Page MenuHomePhabricator

[DAGCombiner] allow more folding of fadd + fmul into fma
ClosedPublic

Authored by spatel on May 29 2020, 7:41 AM.

Details

Summary

If fmul and fadd are separated by an fma, we can fold them together to save an instruction:
fadd (fma A, B, (fmul C, D)), N1 --> fma(A, B, fma(C, D, N1))

The fold implemented here is actually a specialization - we should be able to peek through >1 fma to find this pattern. That's another patch if we want to try that enhancement though.

This transform was guarded by the TLI hook for enableAggressiveFMAFusion(), so it was done for some in-tree targets like PowerPC, but not AArch64 or x86. The hook is protecting against forming a potentially more expensive computation when fma takes longer to execute than a single fadd. That hook may be needed for other transforms, but in this case, we are replacing fmul+fadd with fma, and the fma should never take longer than the 2 individual instructions.

'contract' FMF is all we need to allow this transform. That flag corresponds to -ffp-contract=fast in Clang, so we are allowed to form fma ops freely across expressions.

Diff Detail

Event Timeline

spatel created this revision.May 29 2020, 7:41 AM

Wouldn't it be better to choose between what you have here fmadd(a,b,fma(c,d,n)) and a*b + fmadd(c,d,n) for targets that perform worse with FMA chains?

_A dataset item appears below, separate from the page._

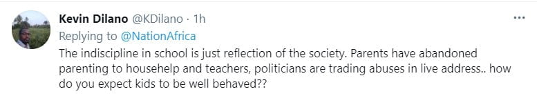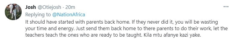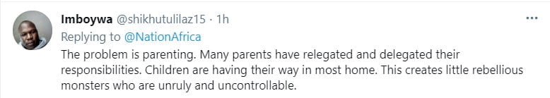Others shared the view that Magoha's approach was a wrong one, holding that instead of having to beat kids in school, the government should instead focus their attention on the current poor state of parenting inspired by the societies we live in today.

Wouldn't it be better to choose between what you have here fmadd(a,b,fma(c,d,n)) and a*b + fmadd(c,d,n) for targets that perform worse with FMA chains?

Not sure if I'm understanding the question. Is there a target or a code pattern with a known disadvantage for the 2 fma variant?
Note that the entire set of transforms in visitFADDForFMACombine() is gated on legality checks for FMA(D) nodes, so we are assuming that these ops are supported if we reach this point in the code. There's also an existing target bailout with the generateFMAsInMachineCombiner() hook.

Not sure if I'm understanding the question. Is there a target or a code pattern with a known disadvantage for the 2 fma variant?

I mostly agree that what you're proposing is an improvement over what's currently there, but my question is that if you're gonna change it, is it really better to do what you're suggesting compared to creating instructions that can be executed in parallel? There are certainly performance differences between fma(a,b,fma(c,d,n)) and a*b + fma(c,d,n) depending on the target.

Not sure if I'm understanding the question. Is there a target or a code pattern with a known disadvantage for the 2 fma variant?

I mostly agree that what you're proposing is an improvement over what's currently there, but my question is that if you're gonna change it, is it really better to do what you're suggesting compared to creating instructions that can be executed in parallel? There are certainly performance differences between fma(a,b,fma(c,d,n)) and a*b + fma(c,d,n) depending on the target.

Ah - I missed that you are rearranging the operands to make the fmul independent from the fma. I agree that could be better depending on the target and surrounding code.

But we need some detailed target model info to make that transform *over* this one. We have that info in MachineCombiner, and I think the scenario you are suggesting is at least partly why the TLI hook for that already exists. It's also possible to expand this back out to separate fmul/fadd in that pass.

Given the constraints in SDAG, we should choose the (fma(fma)) variant by default (assuming as we do here that the target has fma instructions). For example on x86, our best perf heuristic at this stage of compilation on any recent Intel or AMD core is number of uops. The option with separate fmul and fadd always has more uops, so it would be backwards to choose that sequence here and then try to undo that later.

If this is the wrong choice for some other target, they can can still opt out, so I think this is a safe option. Alternatively, we could make the enableAggressiveFMAFusion() hook more nuanced by changing the bool return to a enum'd level of aggression, and then deciding which of the current transforms under here require a higher level of fma perf.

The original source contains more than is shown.